TASK INPUT
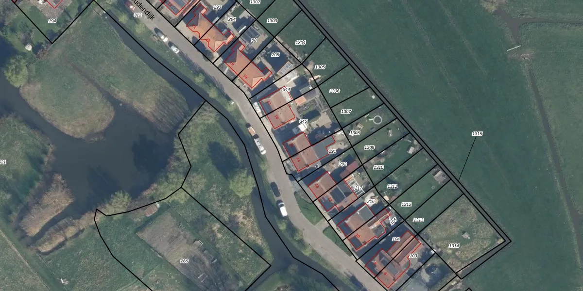 Het perceel waarop Oudendijk 15 staat heeft een oppervlakte van 379 m². Dit is een groot perceel. De perceeloppervlakte wordt geregistreerd door het Kadaster. Gedetailleerde informatie over de maten van dit perceel kunt u vinden in het rapport Kadastrale kaart met maatvoering van Oudendijk 15.
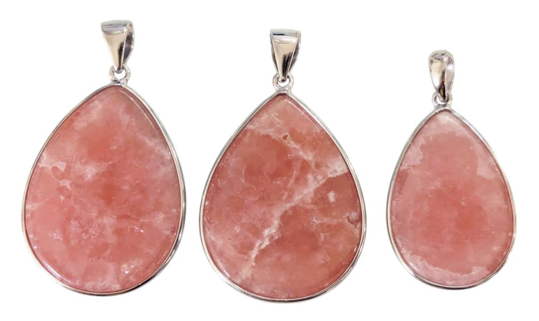 Rhodochrosit-Anhänger aus 925er Sterlingsilber, argentinische Qualität AA+, 3-teilig, 13,65 g
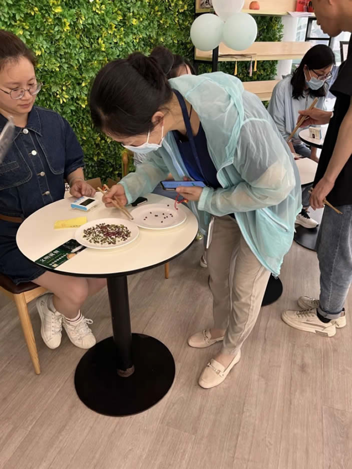 紅豆生南國,春來發(fā)幾枝。這蜜豆不是普通的蜜豆,是王維詩里面的蜜豆。夾蜜豆可是對手穩(wěn)有很高的要求的,打飯愛“手抖”的員工可要注意啦,手一抖將前功盡棄。夾蜜豆要領(lǐng):手穩(wěn)、氣平、心態(tài)好。大家還記得當(dāng)時自己夾了幾顆蜜豆嗎?而夾到最多蜜豆獲得蜜豆王稱號的就是收獲滿滿35枚小蜜豆的楊新悅。
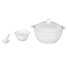 Informations Techniques : Dimensions : L. 42 x l. 31 x H. 16,5 cm Matière : 100% Porcelaine Spécificités : Utile & Moderne Service à soupe 8 pièces Motif relief Contient : 1 soupière (2,7 L) 1 louche de service 6 bols (25 cl) Compatible : Lave-vaisselle & Micro-ondes Non compatible : Four & Congélat
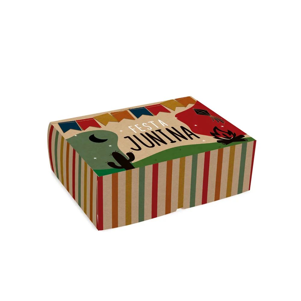 A Cesta na Caixa Junina Kraft Colorido P é versátil e pode ser utilizada de diversas maneiras, desde a composição da mesa principal, até a confecção de lembrancinhas temáticas para os seus convidados. Além disso, é perfeita para compor mini arranjos de flores, pequenos presentes, e até mesmo para servir como embalagem para doces e guloseimas típicas de festas juninas.
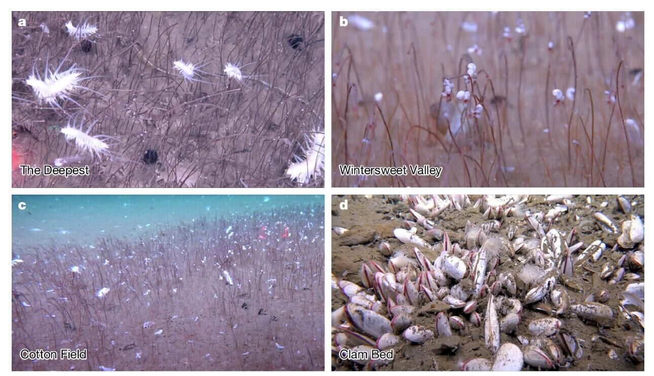 Сообщества живых организмов в этой дальневосточной «преисподней» оказались неожиданно разнообразными, а плотность «населения» — крайне высокой: до 5800 червей и почти 300 моллюсков на квадратный метр. Ученые нашли несколько крупных «полей». На каждом доминируют разные виды, а вместе с ними обитает множество других животных: улитки, морские лилии, голотурии и бокоплавы, которые, вероятно, питаются за счет изобилия химической экосистемы.

WHAT NEEDS TO BE DONE
The lines wanted run from the first one in the material above through the line containing "A Cesta na Caixa"; give them again exactly, leaving out the pictures.

EXERCISE ANSWER
 Het perceel waarop Oudendijk 15 staat heeft een oppervlakte van 379 m². Dit is een groot perceel. De perceeloppervlakte wordt geregistreerd door het Kadaster. Gedetailleerde informatie over de maten van dit perceel kunt u vinden in het rapport Kadastrale kaart met maatvoering van Oudendijk 15.
 Rhodochrosit-Anhänger aus 925er Sterlingsilber, argentinische Qualität AA+, 3-teilig, 13,65 g
 紅豆生南國,春來發(fā)幾枝。這蜜豆不是普通的蜜豆,是王維詩里面的蜜豆。夾蜜豆可是對手穩(wěn)有很高的要求的,打飯愛“手抖”的員工可要注意啦,手一抖將前功盡棄。夾蜜豆要領(lǐng):手穩(wěn)、氣平、心態(tài)好。大家還記得當(dāng)時自己夾了幾顆蜜豆嗎?而夾到最多蜜豆獲得蜜豆王稱號的就是收獲滿滿35枚小蜜豆的楊新悅。
 Informations Techniques : Dimensions : L. 42 x l. 31 x H. 16,5 cm Matière : 100% Porcelaine Spécificités : Utile & Moderne Service à soupe 8 pièces Motif relief Contient : 1 soupière (2,7 L) 1 louche de service 6 bols (25 cl) Compatible : Lave-vaisselle & Micro-ondes Non compatible : Four & Congélat
 A Cesta na Caixa Junina Kraft Colorido P é versátil e pode ser utilizada de diversas maneiras, desde a composição da mesa principal, até a confecção de lembrancinhas temáticas para os seus convidados. Além disso, é perfeita para compor mini arranjos de flores, pequenos presentes, e até mesmo para servir como embalagem para doces e guloseimas típicas de festas juninas.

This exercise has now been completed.